In engineering practice, we are faced with problems in the design, testing, inspection, and maintenance of the products. Usually these problems are very complex and the knowledge of issues involved (inputs) is not complete. Thus, the problems are not fully understood. Moreover, the available data may be not be statistically representative (i.e. be in limited number), fuzzy, qualitative and missing in part.

The Intelligent Optimal Design of Complex Systems takes the actual best knowledges of the researchers/experts and mixes them intelligently with the results of experiments or real returns.
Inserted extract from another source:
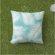Deze kussen in de buitenlucht worden getoond in een prachtig ontwerp van de tropische handpalmen. Kleurdiepgaande Aqua en witte palmen Pas dit object aan of koop het gewoon zoals het is. StockAfbeelding vecteezy.com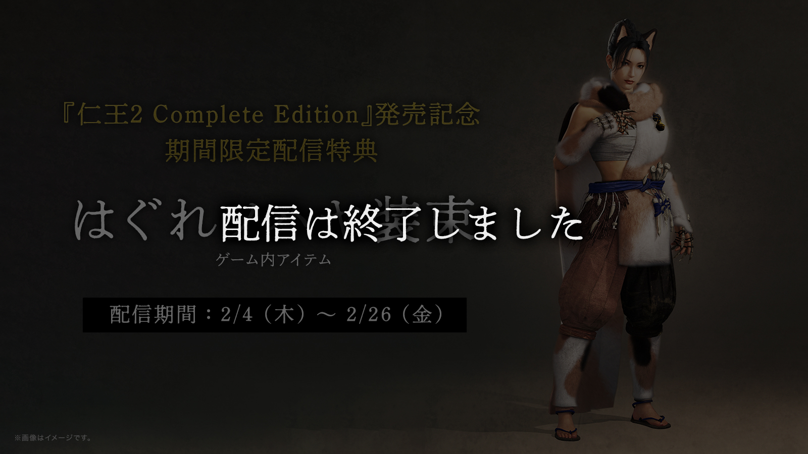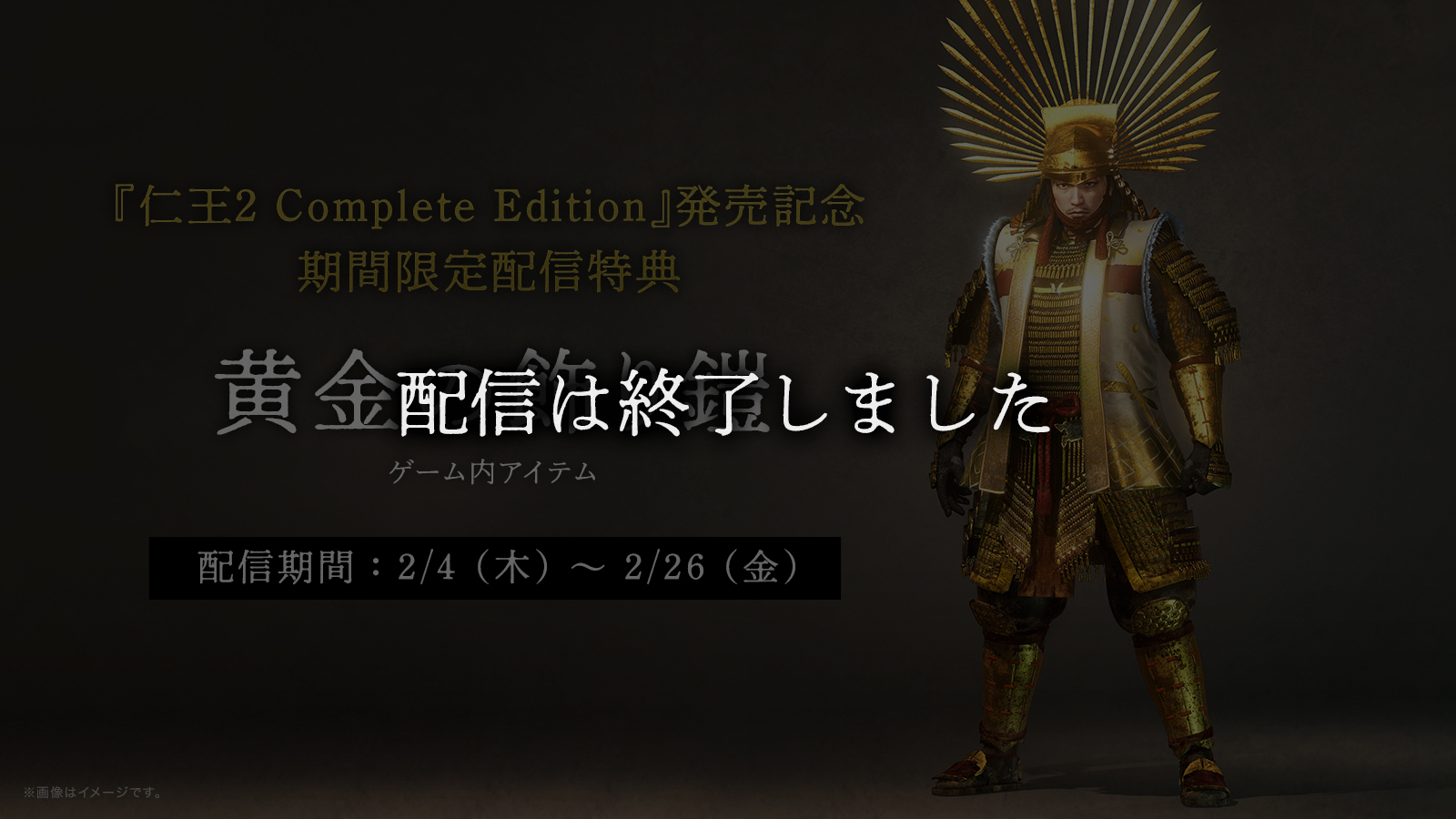 『仁王2 Complete Edition』の発売を記念し、期間限定特典としてゲーム内アイテム「はぐれソハヤ装束」「黄金の飾り鎧」を2021年2月4日〜2月26日の期間限定で配信することが決定しました。期間中に間に合うよう、お早めにお買い求めください。 ご購入はこちら

It was successfully applied to many real industrial systems showing explicitly the multi-level modelling and multi-disciplinary optimal design

Building a examples database

obtaining some experimental, real or simulated results where the EXPERTS indicate all variables or descriptors that may take a part.

 

This is, at first, done with some PRIMITIVE descriptors x, which are usually in a different number and with a different meaning for each example. Then, the data are transformed with the introduction of some INTELLIGENT descriptors XX, with the actual whole knowledge thanks to beautiful (but often insufficient) theories and models.

 

These descriptors may be numbers, Boolean, strings, names of files which give access to data bases, or treatments of curves, signals and images. But for all examples, their number and their type are now always the same. This is the proposed one way to allow the fusion of data coming from various sources and to reduce the number of the parameters and thus to use the limited data.

The results or conclusions may be classes (good, not good...) or numbers and guided by the shapes of the rules or relationships.